Using Hotspot Function Analysis

Use the hotspot function analysis of the System Profiler to determine which hotspot functions have performance bottlenecks.

High Percentage of IDR Instructions

Enable CPU prefetch.

When the CPU reads data from the memory to the cache, the CPU reads the data to be accessed this time and also prefetches adjacent data to the cache. If the prefetched data is the data to be accessed next time, the performance is improved; if not, the memory bandwidth is wasted.

In scenarios where data is centralized, the prefetch hit rate is high and CPU prefetch is recommended. If data is not centralized and the prefetch hit rate is low, the memory bandwidth will be wasted.

Function Inlining

Frequently called small functions are inlined. Function inlining is a typical space-for-time optimization method.

Reference: https://www.hikunpeng.com/document/detail/en/perftuning/tuningtip/kunpengtuning_12_0085.html

NEON Instruction Acceleration

Tune NEON instructions by using vectorization.

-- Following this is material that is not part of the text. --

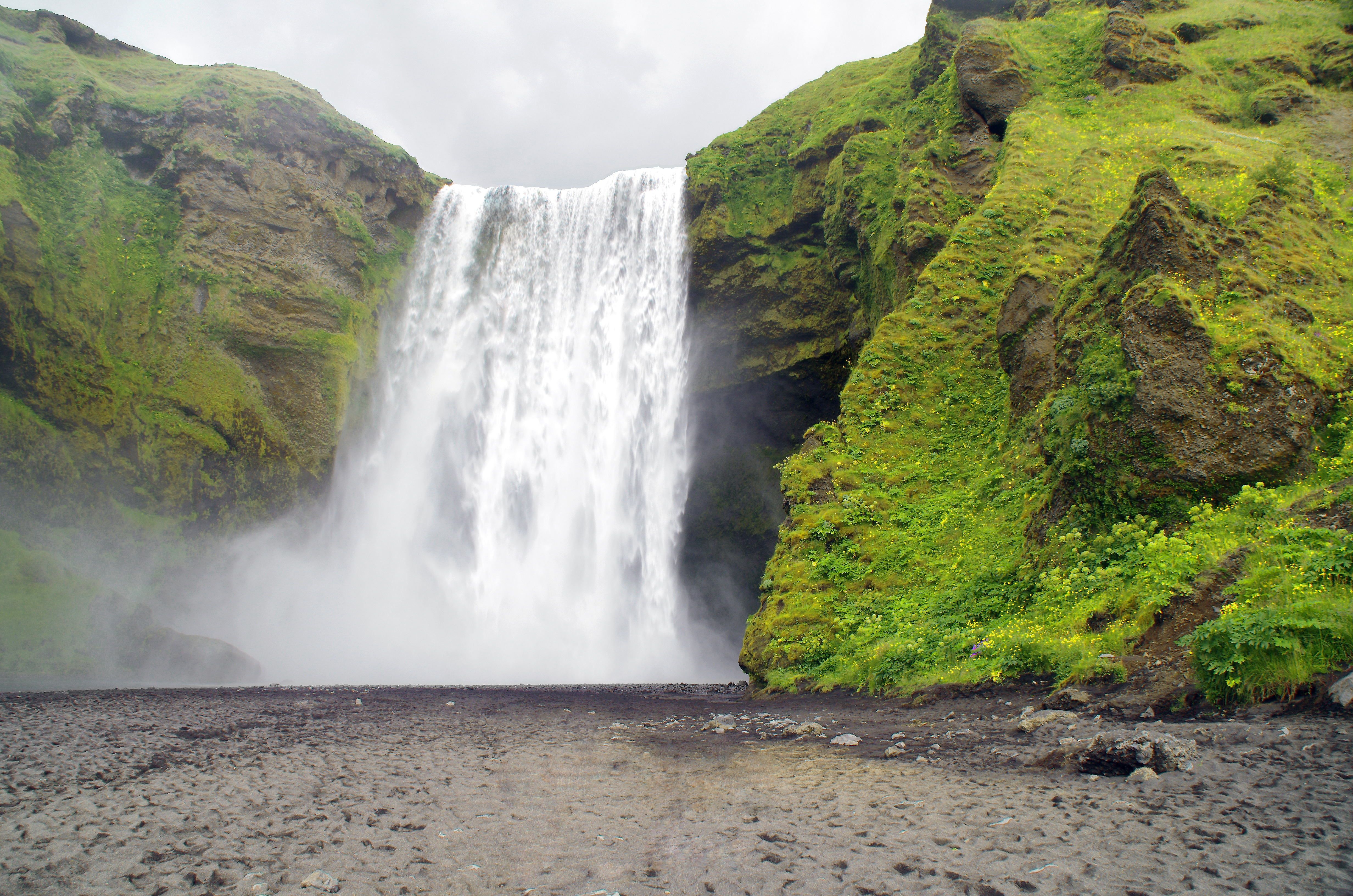 Description: A waterfall with a large waterfall coming out of it's side into the air with a green mossy cliff in the background.

Reference: https://www.hikunpeng.com/document/detail/en/perftuning/tuningtip/kunpengtuning_12_0053.html

Loop Optimization

Loop optimization is to optimize the code of the loop used in the program. It helps to utilize the processor's computing units, improve the scheduling efficiency of the instruction pipeline, and increase the cache hit ratio. There are many loop optimization methods, such as loop unrolling, loop fusion, loop splitting, loop permutation, and loop tiling.

Loop unrolling
Loop unrolling is to duplicate the loop body for multiple times to decrease the number of operations the loop condition is tested. Since the Kunpeng processor has multiple instruction execution units, you can increase the computing density to improve scheduling efficiency of the instruction pipeline.

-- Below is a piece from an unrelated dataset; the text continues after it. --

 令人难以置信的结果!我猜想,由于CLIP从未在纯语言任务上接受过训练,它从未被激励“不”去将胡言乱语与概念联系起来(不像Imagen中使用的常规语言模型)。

Small loops without internal judgment logic have higher gains; large loops may cause general-purpose register overflow and compromise performance (register renaming/overflow to memory); internal judgment logic may increase the overhead of branch prediction, requiring case-by-case analysis.
Loop fusion
Loop fusion combines the bodies of adjacent loops to reduce operations on loop variables. Iteration variables are used in the loop body to improve the cache usage. The fusion of small loops also helps increase the probability of out-of-order execution by the TaiShan processor and improve the scheduling efficiency of the instruction pipeline.
Loop fission
Loop fission attempts to break complex or computing-intensive loop into multiple loops to improve register utilization.
Loop interchange
Loop interchange is to exchange the nested sequence of loops so that memory access can meet the principle of locality to improve the cache hit ratio.
Loop tiling
Loop tiling reorganizes a loop into a group of nested loops, each internal loop responsible for a small data block. It helps to utilize the existing data in the cache and improve the cache hit ratio. This method is usually used for large datasets.

Reference: https://www.hikunpeng.com/document/detail/en/perftuning/tuningtip/kunpengtuning_12_0083.html

Branch Optimization

Optimizing branch predictions
Make full use of pre-compiled instructions such as likely() and unlikely() to increase the accuracy of conditional branch predictions and shorten the instruction running path.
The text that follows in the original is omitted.